2. The presence of some group II elements is critical for soil health. We can determine the presence of various alkali and alkaline earth metals in soil sample by conducting flame test and then the soil can be supplied with specific fertiliser.
3. The concentrations of Na+ and K+ ions are very important in the human body for conducting various metabolic functions.

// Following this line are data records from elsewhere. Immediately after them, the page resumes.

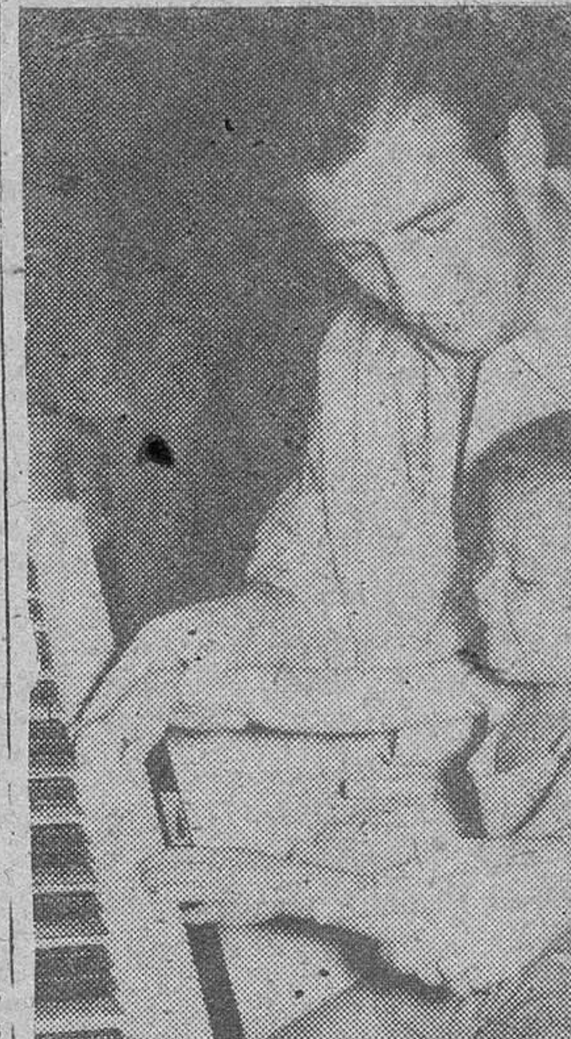
Un huerfanito filipino, sonríe felizmente mientras un soldado americano le lleva las manos sobre un piano en una sala de recreos de la Cruz Roja en Nueva Guinea Holandesa.
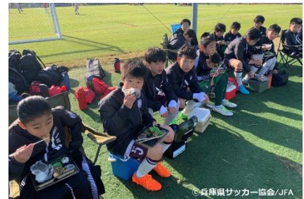
2024年都道府県大会の様子
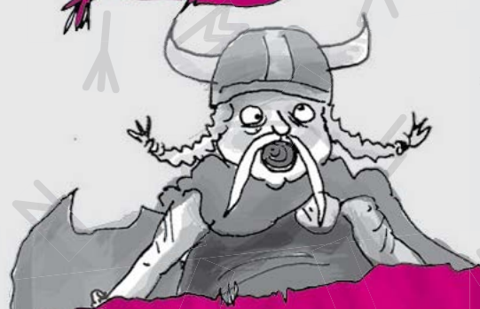
هیگر شکم قُرمبه
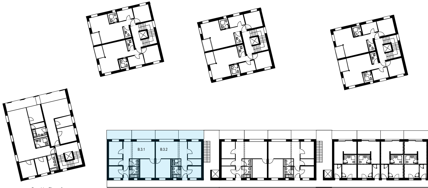
Grundriss Ebene 3
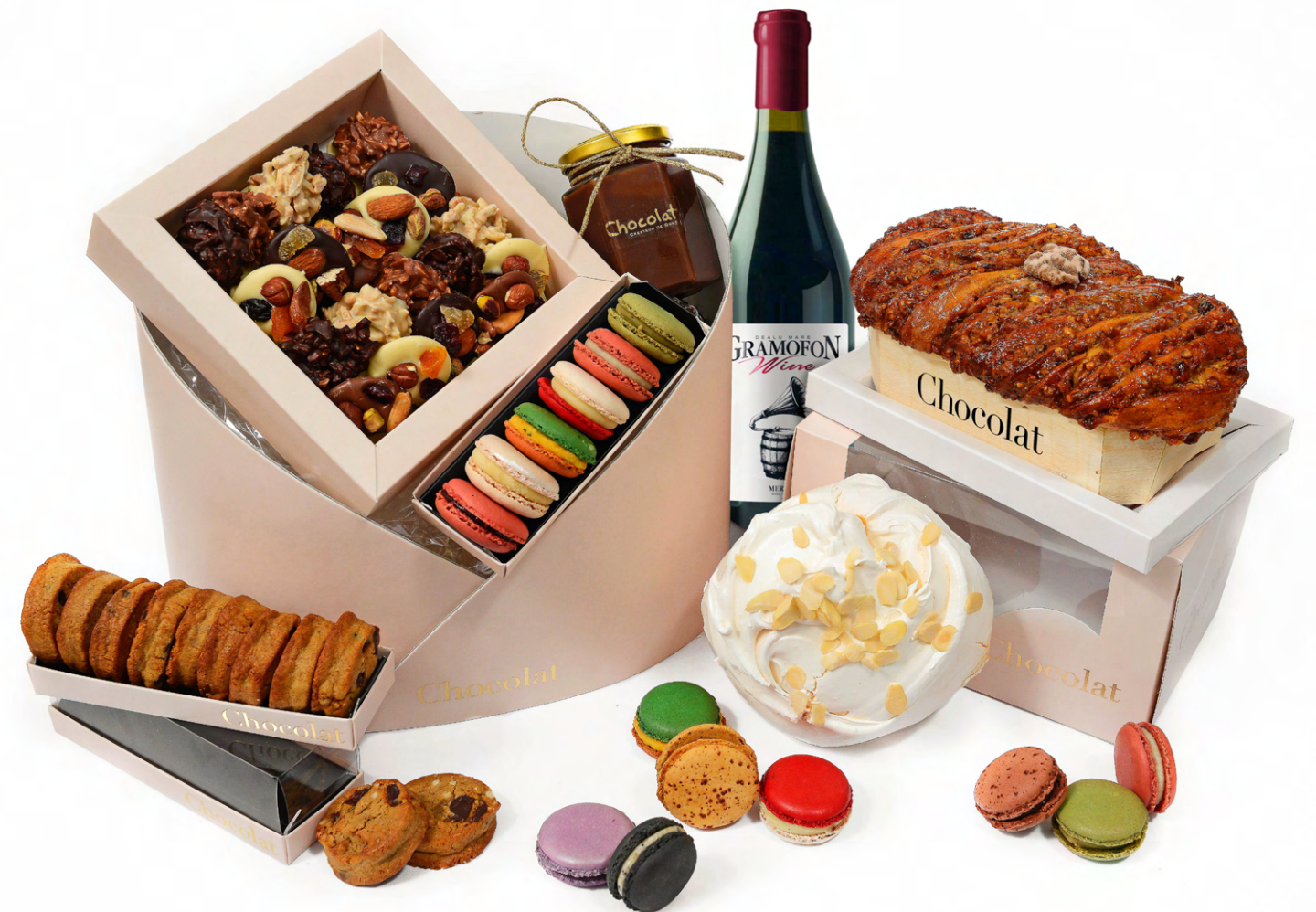
Surpriza lui Moș Crăciun 695 lei
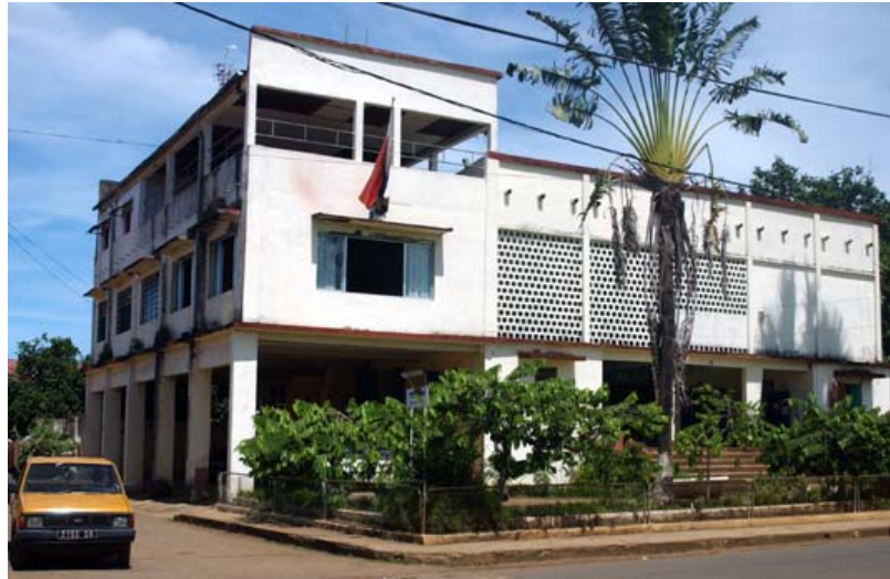
Stadthaus von Hell Ville
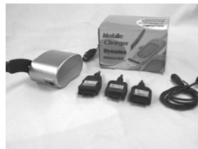
手回し携帯充電器 (1個)
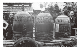
金属特別回収時の梵鐘供出
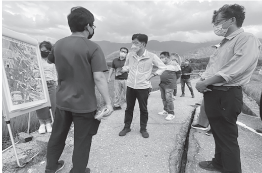
署長在破損隆起的農路上聽取災情簡報
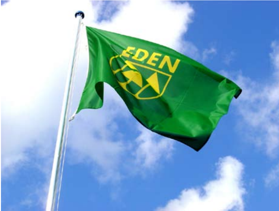
Wehende Fahne mit Eden-Logo
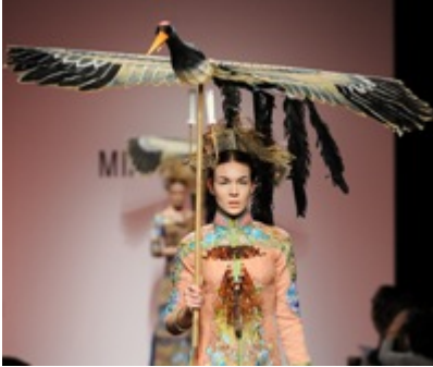
Minh Hanh

Gli accessori sono realizzati in osso, come i monili per i capelli, grandi pettini, fissati su acconciature orientate verso l'alto, ispirati ai gioielli indossati dalle antiche imperatrici vietnamite.
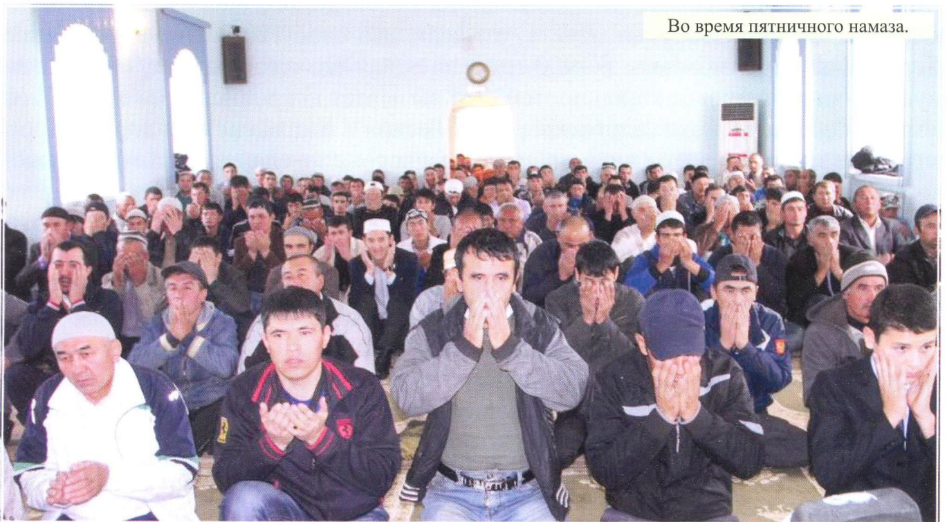
Во время пятничного намаза.

Верующие – это только те, которые уверовали в Аллаха и Его Посланника, а потом не испытывали сомнения и положили своё имущество и свою жизнь на пути Аллаха. Они-то и есть верующие. Посланник Аллаха (сав) сказал: «После смерти человека прекращается и запись всех его благих дел, кроме трёх: живая милостыня, полезное знание и благое дитя, поминающее его в молитве».
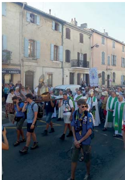
Traditionnelle arrivée des pèlerins
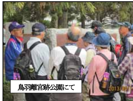
鳥羽離宮跡公園にて

京都五山送り火W(8/16)は、当日朝7時に気象警報が発表されていると、中止となります。 KWA協会事務所(075-353-6464 自動アナウンス)あるいはホームページで確認ください。
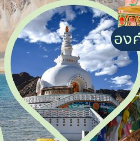
เจดีย์สันติภาพ
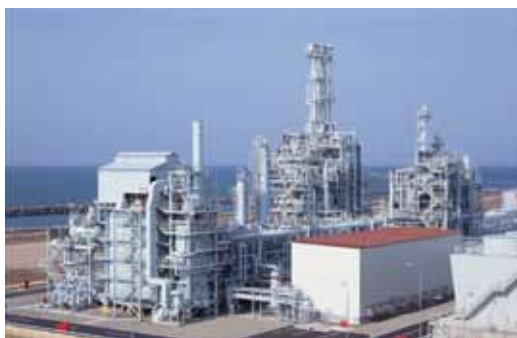
新潟に建設された 500 B/D の実証プラント
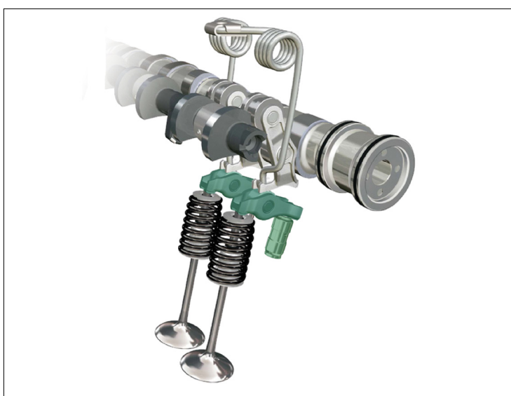
Slika 1: Pregled motora BMW Valvetronic

Kalibrirane klackalice postavljaju se i sa strane usisnog i ispušnog ventila kod motora BMW Valvetronic i PSA.
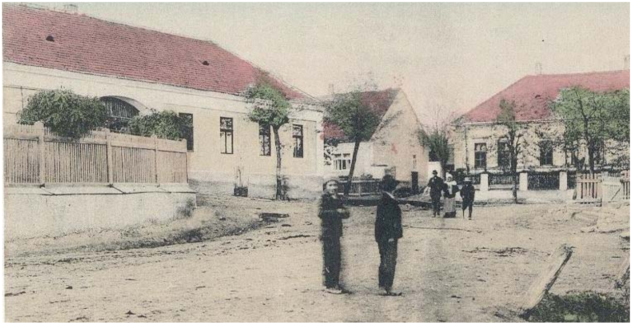
אַן אַלטער פּאַסט קאַרטל פון די שטאַט ליסקא

ולסיים מעין הפתיחה, צום ציון פונעם שיעור הישר קען מען טאַקע ליידער נישט פאַרן, "ולא ידע איש את קבורתו עד היום הזה". אבער דער געפיל איז אַז ביים ציון הקדוש און ליסקא, דאָס אָרט וואו דער שיעור הישר זצ"ל האָט "גערוקט ווענט" צו מאַכן פּלאַץ פאַר זיין טאַטן דעם טל חיים צוק"ל, אז איצט ווען דער מקום קדוש איז אַריבער געגאַנגען אונטער קהלה קדושה ליסקא וועט זיין "מה כאן עומד ומתפלל אף שם עומד ומתפלל"; ער וועט זיכער אויך אויבן אין הימל "רוקן ווענט" צו פּועל'ן ישועות ורפואות פאר אידישע קינדער און די גאולה שלימה בקרוב.
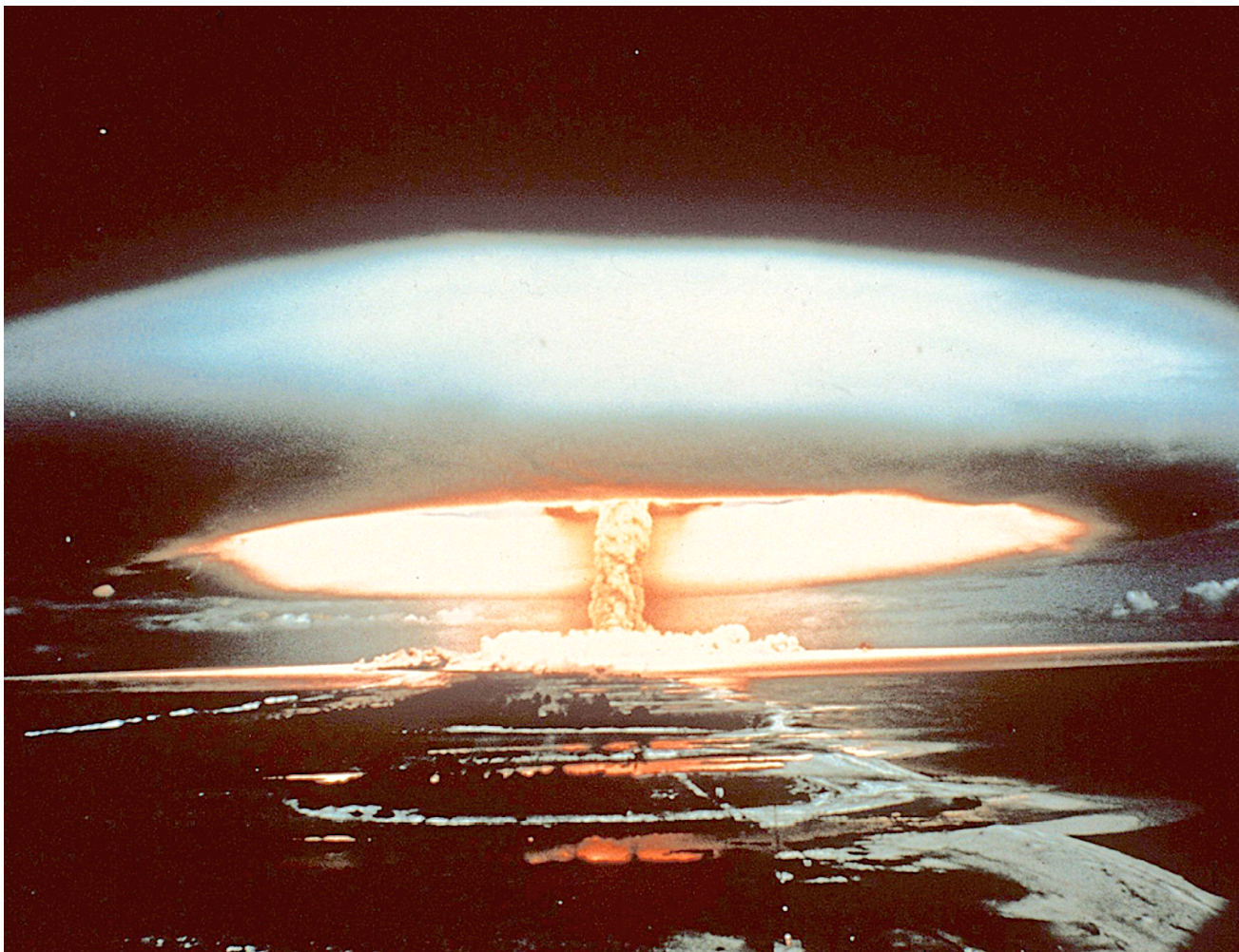
Bildunterschrift: Atompilz über Mururoa-Atoll im Südpazifik 1970: Teile des Abfalls werden Jahrtausende strahlen

Their concentrations can be determined by diluting and aspirating blood serum sample into the flame. 
4. Soft drinks, fruit juices and alcoholic beverages can also be analysed by using flame photometry to determine the concentrations of various metals and elements.
   

 

Advantages of flame photometer

1. The method of analysis is very simple and economical.
2. It is quick, convenient, selective and sensitive analysis.
3. It is both and qualitative and quantitative in nature.
4. Even very low concentrations (parts per million/ppm to parts per billion/ppb range) of metals in the sample can be determined.
5. This method compensates for any unexpected interfering material present in the sample solution.
6. This method can be used to estimate elements which are rarely analysed.

 

Disadvantages of flame photometer

1. In spite of many advantages, this analysis technique has quite a few disadvantages:
2. The accurate concentration of the metal ion in the solution cannot be measured.
3. It cannot directly detect and determine the presence of inert gases.
4. Though this technique measures the total metal content present in the sample, it does not provide the information about the molecular structure of the metal present in the sample.
5. Only liquid samples may be used. Also sample preparation becomes lengthy in some cases.
6. Flame photometry cannot be used for the direct determination of each and every metal atom. A number of metal atoms cannot be analysed by this method. The elements such as carbon, hydrogen and halides cannot be detected due to their non-radiating nature.